Miró a su alrededor y se fijó en un par de niños a lo lejos, lo que le hizo volver a mirarlos. Tal vez fuera por Francisco que los niños de esa edad le parecían simpáticos.

Los cuatro niños llevaban ropa a juego y cada uno llevaba una mochila mientras se reunían en torno a una mujer.

Por curiosidad, Enzo volvió a echarles un vistazo.

«¿Podrían ser cuatrillizos?»

Miró a la mujer que estaba a su lado y se quedó atónito por su figura, incluso sólo al verla de espaldas.

Francisco se asomó en dirección a Enzo y fue alertado de su presencia. Giró la cabeza con urgencia.

«¡Papá está aquí!»

Enzo vio el perfil lateral del niño y se sorprendió.

—Señor Betancurt, Francisco...

—Entra en el coche. No pierdas tiempo —dijo el hombre.

Enzo volvió su mirada al coche y suspiró aliviado al ver una cara conocida en él.

Sonrió y negó con la cabeza. «Le confundí con otra persona».

Sólo a los niños les gustaban esas cosas, pero no lo rechazaría si su hijo le ofreciera uno.

—¿Esto es para papá?

Gaspar miró las golosinas que tenía en las manos antes de volverse a mirar a Bautista, que se había quitado las gafas de sol. La gente tenía miedo de mirarle a los ojos, como si encontrarse con su mirada fuera a traicionar sus secretos.
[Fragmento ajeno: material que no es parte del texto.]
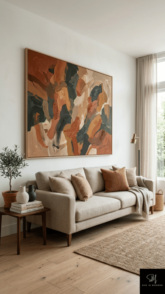Oversized wall art is one of the simplest ways to make a big impact without cluttering your space. A single large artwork can fill empty walls and instantly make your home feel more styled and complete. Whether you choose abstract designs, bold color palettes, or minimalist black and white prints, large art pieces draw the eye and set the tone of the room.

El pequeño se quedó helado. Los dulces eran para sus hermanos y no para Bautista.

—¡Yo... te daré uno!

Como había comprado cinco, no iba a poder terminarlos solo, y estaban empezando a derretirse.

Al ver que su hijo le miraba fijo, Bautista tomó el algodón de azúcar y lo mordió. El intenso golpe de dulzura en la boca le incomodó, así que arrugó las cejas.

«Esto es demasiado dulce».

—No comas demasiado de estas cosas dulces. Tendrás caries. —Bautista lanzó una mirada a su hijo.

—Francisco, ¿también has comprado uno para mí? —Enzo miró a Gaspar con una sonrisa en la cara. El pequeño parpadeó y se desplazó hacia delante para darle a Enzo dos algodones de azúcar. Ahora le quedaban dos para él. Uno de ellos ya había sido casi devorado.

—¡Gracias, pequeño! —Enzo se sentó de nuevo y comió feliz el dulce.

A Bautista se le cayó la cara cuando se dio cuenta de la generosidad de su hijo con Enzo. Después de dar dos mordiscos, fue incapaz de dar otro. Entonces se quedó mirando el algodón de azúcar que tenía en la mano mientras intentaba averiguar qué hacer con él.

Gaspar notó que Bautista se esforzaba por comerlo como si fuera una medicina, así que le dijo en un susurro:

—Devuélvemelo si no te gusta.

Bautista se dio cuenta que a Gaspar se le antojaban, así que le devolvió los dulces.

—La próxima vez, si quieres comer algo, sólo compra uno. No compres demasiados.

—¡Está bien! —respondió Gaspar. Se sentó en un rincón y comió su golosina. Sus ojos miraban a Bautista de vez en cuando.